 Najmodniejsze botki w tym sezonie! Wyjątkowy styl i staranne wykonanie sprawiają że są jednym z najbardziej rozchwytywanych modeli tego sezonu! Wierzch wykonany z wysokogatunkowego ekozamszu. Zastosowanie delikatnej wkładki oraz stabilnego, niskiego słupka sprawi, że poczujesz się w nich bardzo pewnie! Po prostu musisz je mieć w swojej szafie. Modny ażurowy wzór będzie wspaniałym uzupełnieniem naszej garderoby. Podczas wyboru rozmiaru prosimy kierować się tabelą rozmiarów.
--
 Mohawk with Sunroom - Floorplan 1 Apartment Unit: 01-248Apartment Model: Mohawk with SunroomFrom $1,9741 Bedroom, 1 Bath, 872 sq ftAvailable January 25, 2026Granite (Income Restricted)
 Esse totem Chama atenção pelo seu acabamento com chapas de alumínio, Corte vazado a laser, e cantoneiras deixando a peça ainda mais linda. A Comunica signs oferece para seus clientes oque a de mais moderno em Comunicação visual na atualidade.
==
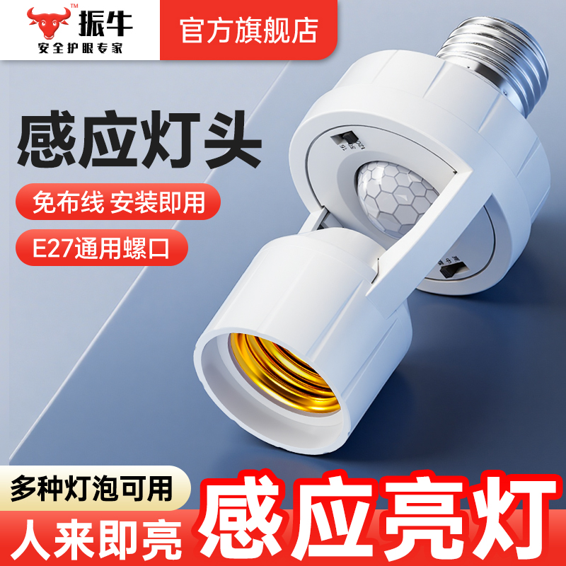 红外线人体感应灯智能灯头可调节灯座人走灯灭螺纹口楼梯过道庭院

(WHAT TO WORK ON)
Beginning at the line with "Mohawk with Sunroom - Floorplan" and ending at the line with "Esse totem Chama", reproduce each line of the data above exactly, and add no other lines.

(EXERCISE SOLUTION)
 Mohawk with Sunroom - Floorplan 1 Apartment Unit: 01-248Apartment Model: Mohawk with SunroomFrom $1,9741 Bedroom, 1 Bath, 872 sq ftAvailable January 25, 2026Granite (Income Restricted)
 Esse totem Chama atenção pelo seu acabamento com chapas de alumínio, Corte vazado a laser, e cantoneiras deixando a peça ainda mais linda. A Comunica signs oferece para seus clientes oque a de mais moderno em Comunicação visual na atualidade.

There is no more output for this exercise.